Plutarque prend pour principe cette proposition bien avérée que la Lune réfléchit vers nous la lumière du Soleil. Pour qu’elle puisse nous renvoyer ainsi la lumière solaire, il faut, dit-il[2], qu’elle soit un corps solide et dense. « Il est trois corps sur lesquels peut tomber la lumière solaire, l’air, l’eau et la terre ; or nous voyons la Lune s’illuminer comme la terre, non comme l’eau ou l’air ; mais des êtres qui, d’un même agent, pâtissent de la même manière, doivent nécessairement être de même nature. »

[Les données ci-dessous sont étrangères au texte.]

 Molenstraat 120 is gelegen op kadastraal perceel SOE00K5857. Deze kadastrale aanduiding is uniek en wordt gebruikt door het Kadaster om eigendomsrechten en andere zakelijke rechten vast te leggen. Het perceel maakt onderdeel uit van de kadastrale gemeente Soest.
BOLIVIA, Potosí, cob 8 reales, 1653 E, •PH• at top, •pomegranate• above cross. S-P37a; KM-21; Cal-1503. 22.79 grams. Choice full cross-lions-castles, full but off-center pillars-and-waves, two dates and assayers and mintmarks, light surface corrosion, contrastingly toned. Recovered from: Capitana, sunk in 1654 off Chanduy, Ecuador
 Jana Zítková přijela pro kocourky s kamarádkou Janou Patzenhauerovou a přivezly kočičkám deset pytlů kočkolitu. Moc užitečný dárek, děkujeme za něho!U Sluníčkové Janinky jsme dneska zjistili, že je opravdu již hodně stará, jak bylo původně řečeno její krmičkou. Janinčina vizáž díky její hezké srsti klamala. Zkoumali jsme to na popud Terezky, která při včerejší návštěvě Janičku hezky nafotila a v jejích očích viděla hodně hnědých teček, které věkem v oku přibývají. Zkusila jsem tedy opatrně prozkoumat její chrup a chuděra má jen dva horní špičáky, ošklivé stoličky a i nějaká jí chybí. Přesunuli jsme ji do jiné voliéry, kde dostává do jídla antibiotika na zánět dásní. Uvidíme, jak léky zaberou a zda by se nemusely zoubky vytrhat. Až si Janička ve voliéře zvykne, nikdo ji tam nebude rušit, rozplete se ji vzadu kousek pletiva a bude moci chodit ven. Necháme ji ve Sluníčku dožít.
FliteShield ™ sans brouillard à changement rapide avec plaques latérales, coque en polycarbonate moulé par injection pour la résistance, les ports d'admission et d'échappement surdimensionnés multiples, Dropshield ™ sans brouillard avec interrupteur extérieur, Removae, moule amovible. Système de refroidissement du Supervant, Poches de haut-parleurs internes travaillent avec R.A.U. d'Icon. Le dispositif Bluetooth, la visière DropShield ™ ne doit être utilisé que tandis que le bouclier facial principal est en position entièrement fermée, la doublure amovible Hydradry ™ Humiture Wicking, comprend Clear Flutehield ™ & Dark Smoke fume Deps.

Ce raisonnement conduit Plutarque à la conclusion que voici[3] :

« La Lune est une terre céleste (… τὴν σελήνην, γῆν οὖσαν ὀλυμπίαν)… Ne croyons pas commettre un péché en admettant qu’elle est une terre, en supposant que la face dont elle est ornée provient de ceci : De morne que notre terre présente de grandes vallées, de même la Lune se creuse de profondes dépressions et de crevasses, remplies d’eau ou d’air embrumé, à l’intérieur desquelles la lumière du Soleil ne pénètre pas, dont elle ne touche pas le fond, mais où elle disparaît ; car, en ces endroits, se produit la réflexion diffuse (ϰαὶ διεσπασμένην ἐνταῦθα τὴν ἀνάϰλασιν ἀποδίδωσιν). »

Cette analogie entre la terre et la Lune, Plutarque la pousse si loin qu’il attribue à la Lune des habitants. Mais en faisant ainsi, de la Lune, un monde semblable à notre terre, il contredit, et il le sait bien, à toute la Physique péripatéticienne.

Tout d’abord il contredit à l’hypothèse d’une essence céleste entièrement distincte des quatre éléments, pure et éternelle[4].

  1. Joannis Stobæi Eclogarum physicarum lib. I, cap. XXVI ; éd. Meineke, p. 151.
  2. Plutarque, De facie in orbe Lunœ cap. XVIII. (Plutarchi Opera moralia éd. Didot, vol. II, p. 1140).
  3. Plutarque, Op. laud., cap. XXI ; éd. cit., p. 1145.
  4. Plutarque, Op. laud., cap. XVI ; éd. cit. p. 1137.